Joško Vidošević (11 January 1935 – 10 August 1990), nicknamed Jole, was a Croatian footballer who played for both Yugoslavia and Croatia at international level.

==Club career==
A native of Split, Vidošević joined the local side Hajduk Split as a youngster in 1949 and debuted for the first team squad in 1952. He went on to spend the next 10 years with the club, appearing in a total of 349 games and scoring a whopping 228 goals (including 143 appearances and 63 goals in the Yugoslav First League). During his time at Hajduk he also helped the club win the 1952 and 1954–55 national championships.
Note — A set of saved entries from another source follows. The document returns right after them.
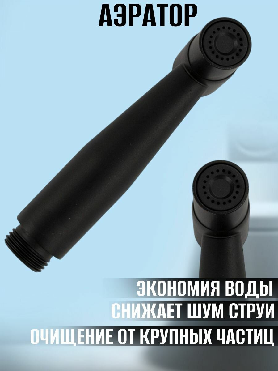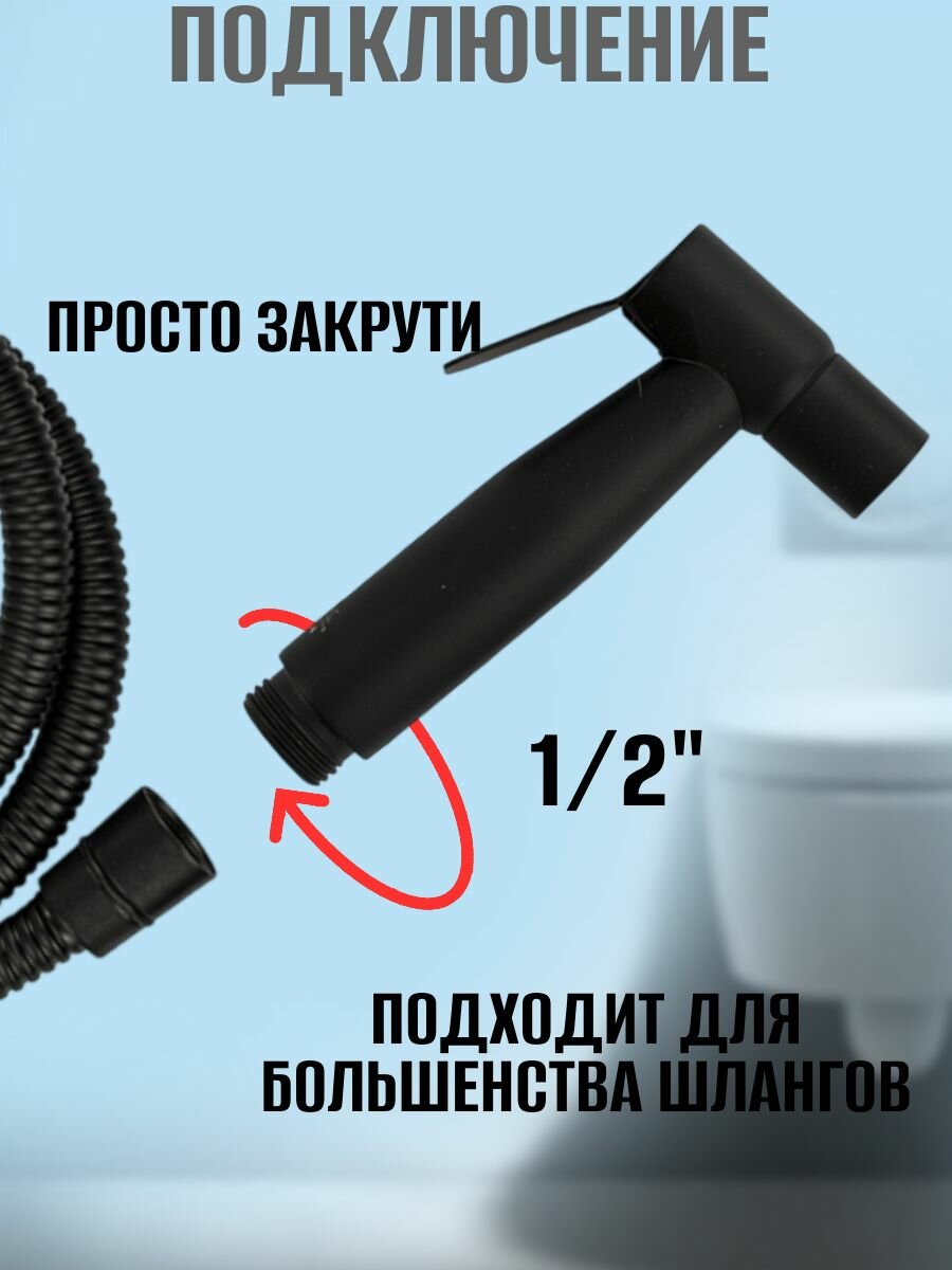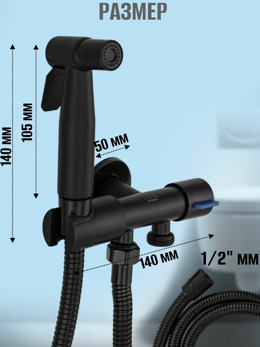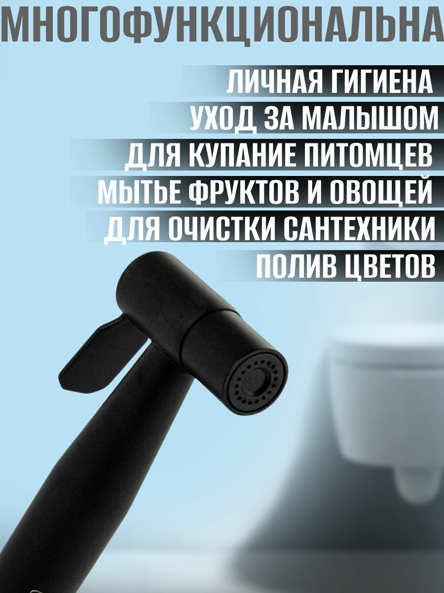 Набор с гигиеническим душем, кран с выходом для подключения к унитазу, лейка, шланг, поворотный кронштейн, цвет черный. интересное:
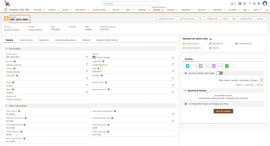 The Invoice object in Cloudy Business Ops 360 represents a formal billing document issued to a customer for goods sold or services rendered. It records the financial obligation of the customer, the payment terms, and the total amount due.
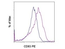 Description: The Michel-17 monoclonal antibody reacts with mouse CD83, a 45kDa cell surface glycoprotein and a member of the Ig superfamily. The mouse CD83 antigen is expressed predominantly on mature DC and activated lymphocytes. Cross-linking of CD83 with Michel-17 on DC or activated T cells does not induce any activation signal. CD83 plays an important role in T cell development through interaction with its ligand. CD83-Ig protein has revealed the presence of a CD83 ligand expressed mainly by B220+ cells in mouse spleen.
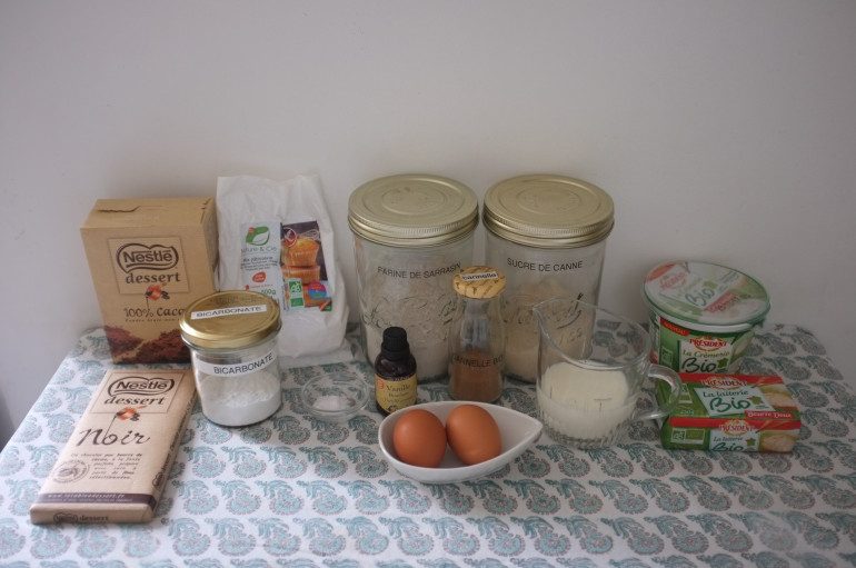 - 100 g de mix pâtisserie sans gluten (composé de 50 g de farine de sarrasin, 45 g de cacao noir en poudre, 1 cuillère à café de bicarbonate, ½ cuillère à café de sel fin, ½ cuillère à café de cannelle en poudre)
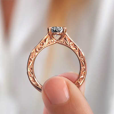 Der oben gezeigte Ring wird Mallory ovl genannt. Es ist ein Pavé Solitär Ring, da er einen zentralen Edelstein und ein Band mit Pavé-Fassung hat. Dieser 14 Karat Roségold ring ist mit einem 8x6 mm oval Zirkonia-Mittelstein besetzt und das Band hat eine Pavé-Fassung mit Lab grown Diamant. Jedes Schmuckstück wird hergestellt mit Leidenschaft und Liebe, von einem unserer Meister-Goldschmiede.Dieser traditionell Roségold Pavé Solitär Verlobungsring mit Pavé-Fassung hat einen exquisiten, oval Zirkonia als Mittelstein. Um den zentralen Stein noch mehr zu betonen, hat das Band eine Pavé-Fassung mit weiteren Lab grown Diamant. Durch die offenen Krappen kann das Licht aus mehreren Winkeln auf den Zirkonia treffen und der Zirkonia-Ring funkelt noch mehr. Das obere Foto zeigt die leidenschaftlich handgefertigten Details des Rings. Die hohe Positionierung der Mittelstein ist ein echter Blickfang. Der perfekte Verlobungsring für das Kronjuwel Ihres Lebens!Haben Sie ein bestimmtes Budget? Sie können uns gerne kontaktieren, damit wir Ihre Optionen besprechen können. Wir bieten unsere Verlobungsringe zum garantiert besten Preis, denn wir fertigen sie auf Bestellung. Solche Preise finden Sie nirgendwo anders!Unser Team fügt unserer Online-Kollektion täglich neue Designs hinzu. Unsere Designer und Goldschmiede arbeiten zusammen, um das beste Design zu kreieren. Wir bemühen uns, eine vielfältige Kollektion von Schmuckstücken anzubieten. Vielleicht haben Sie ein bestimmtes Design im Sinn. Eines, dass Sie irgendwo gesehen haben. Gerne geben wir Ihnen eine kostenlose Beratung. Wir machen Ihnen ein Angebot, basierend auf einem fairen Preis/Leistungsverhältnis, das Sie verblüffen wird.Um es einfacher zu machen, bieten wir eine kostenlose 30-tägige Rücksendung.
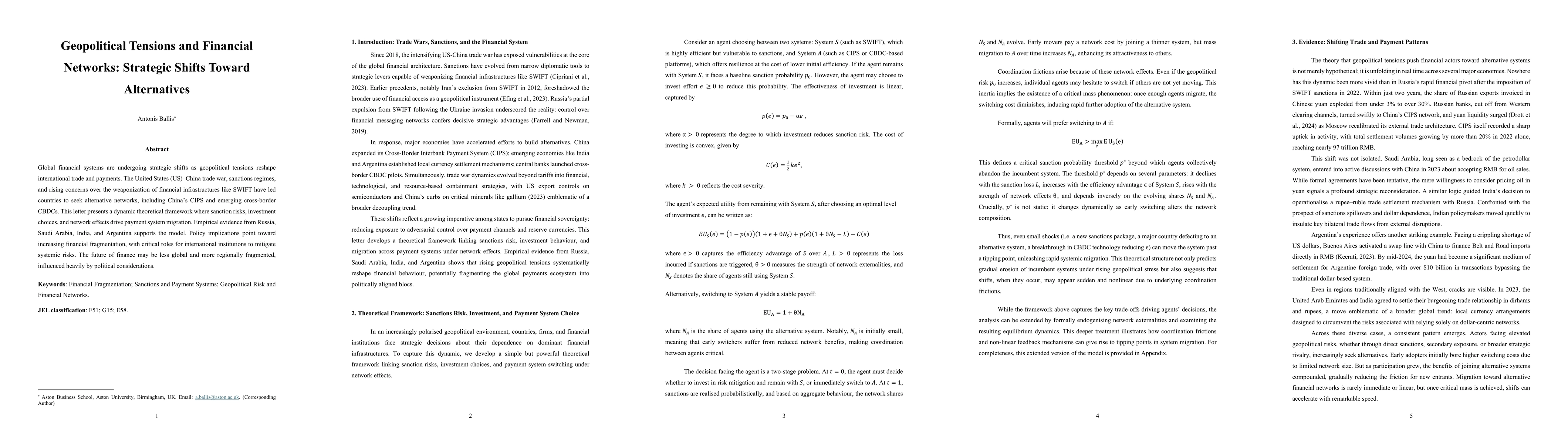 Global financial systems are undergoing strategic shifts as geopolitical tensions reshape international trade and payments. The United States (US)-China trade war, sanctions regimes, and rising concerns over the weaponization of financial infrastructures like SWIFT have led countries to seek alternative networks, including China's CIPS and emerging cross-border CBDCs. This letter presents a dynamic theoretical framework where sanction risks, investment choices, and network effects drive payment system migration. Empirical evidence from Russia, Saudi Arabia, India, and Argentina supports the model. Policy implications point toward increasing financial fragmentation, with critical roles for international institutions to mitigate systemic risks. The future of finance may be less global and more regionally fragmented, influenced heavily by political considerations.

In 1962 he left the club and had brief stints with local rivals RNK Split in 1963 and at Swiss side Lugano in 1964, when he retired from active football due to illness. He later worked in Hajduk's club management and served as chairman of Hajduk between June 1985 and November 1986.

==International career==
Vidošević was capped for Yugoslavia three times in 1955 and was a member of the squad which won silver medal at the 1956 Summer Olympics in Melbourne. He also appeared for PR Croatia in an unofficial friendly against Indonesia held in Zagreb on 12 September 1956.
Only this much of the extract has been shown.